I am trying to route 2 LANs over 2 ISP connections. I want servers on LAN1 to route over a more expensive internet connection and users on LAN2 to route over a cheaper route. This mostly works but it breaks routing between the LANs.
To complicate matters the public server IPs are 1:1 NATs from the ISP.
How can I get this to work without breaking the routing between the LANs?
/ip address
# 1:1 NAT IPs from expensive ISP
add address=154.xxx.xxx.2/xx interface=Lo0 network=154.xxx.xxx.xxx
add address=154.xxx.xxx.3/xx interface=Lo0 network=154.xxx.xxx.xxx
add address=154.xxx.xxx.4/xx interface=Lo0 network=154.xxx.xxx.xxx
# actual IP address at expensive ISP
add address=197.xxx.xxx.2/xx interface=ether1 network=197.xxx.xxx.xxx
# IP address at cheap ISP
add address=172.160.0.2/16 interface=ether2 network=172.160.0.0
# lan IP addresses
add address=192.168.1.0/24 interface=ether3 network=192.168.1.0
add address=192.168.2.0/24 interface=ether4 network=192.168.2.0
/ip firewall mangle
add action=mark-routing chain=prerouting new-routing-mark=lan1 passthrough=yes src-address=192.168.1.0/24
add action=mark-routing chain=prerouting new-routing-mark=lan2 passthrough=yes src-address=192.168.2.0/24
/ip route
# route servers over expensive route
add distance=1 gateway=197.xxx.xxx.xxx routing-mark=lan1
# route users over cheap route
add distance=1 gateway=172.16.0.1 routing-mark=lan2
/ip firewall nat
# src NAT server IPs back to 1:1 IPs
add action=src-nat chain=srcnat protocol=tcp src-address=192.168.1.2 to-addresses=154.xxx.xxx.2
add action=src-nat chain=srcnat protocol=tcp src-address=192.168.1.3 to-addresses=154.xxx.xxx.3
add action=src-nat chain=srcnat protocol=tcp src-address=192.168.1.4 to-addresses=154.xxx.xxx.4
# Masquerade user traffic
add action=masquerage chain=srcnat out-interface=ether2 src-address=192.168.2.0/24
The problem I was having is that the srcnat for I needed for 1:1 at the ISP was also NATing traffic from LAN1 to LAN2. There are probably better solutions with packet marking or something, but adding an accept rule to the src-nat chain before srcnat happens seems to work.
So my NAT rules look like this now:
# src NAT server IPs back to 1:1 IPs for internet, but do not NAT server traffic to LAN
add action=accept chain=srcnat comment="Do not NAT test-web forward" dst-address=192.168.2.0/24 src-address=192.168.1.0/24
# LAN traffic accounted for, now do srcnats for 1:1
add action=src-nat chain=srcnat protocol=tcp src-address=192.168.1.2 to-addresses=154.xxx.xxx.2
add action=src-nat chain=srcnat protocol=tcp src-address=192.168.1.3 to-addresses=154.xxx.xxx.3
add action=src-nat chain=srcnat protocol=tcp src-address=192.168.1.4 to-addresses=154.xxx.xxx.4
Possibly better but untested is to exclude LAN2 in the src-nat rule:
# src NAT server IPs back to 1:1 IPs for internet, but do not NAT server traffic to LAN
add action=src-nat chain=srcnat dst-address=!192.168.2.0/24 protocol=tcp src-address=192.168.1.2 to-addresses=154.xxx.xxx.2
add action=src-nat chain=srcnat dst-address=!192.168.2.0/24 protocol=tcp src-address=192.168.1.3 to-addresses=154.xxx.xxx.3
add action=src-nat chain=srcnat dst-address=!192.168.2.0/24 protocol=tcp src-address=192.168.1.4 to-addresses=154.xxx.xxx.4
Finally got a chance to try this out and it doesn’t work.
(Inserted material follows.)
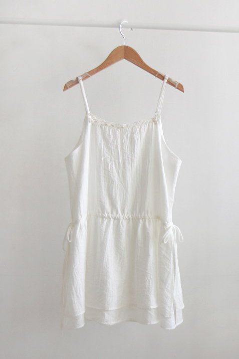 [裏地ポリ][肩紐調節可能][両側にウエスト紐調節してリボン縛りサイズ調節可能][レイヤードに良いナッシュトップ]
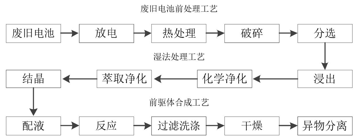 公司應用電池回收技術(shù)生產(chǎn)鋰電池材料,主要產(chǎn)品是三元前驅(qū)體,其生產(chǎn)流程分為廢舊電池前處理工藝、濕法處理工藝以及前驅(qū)體合成工藝三階段,具體過程為:

The second route shows blue in the GUI and some reading says this route will never be used. I will try again tomorrow with packet marks and will hopefully be able to force the 2nd route.
Got this working with by fixing my mangle rule. What I was missing is that traffic for 192.168.2.0 from 192.168.1.0 was also getting NAT according to my packet mark.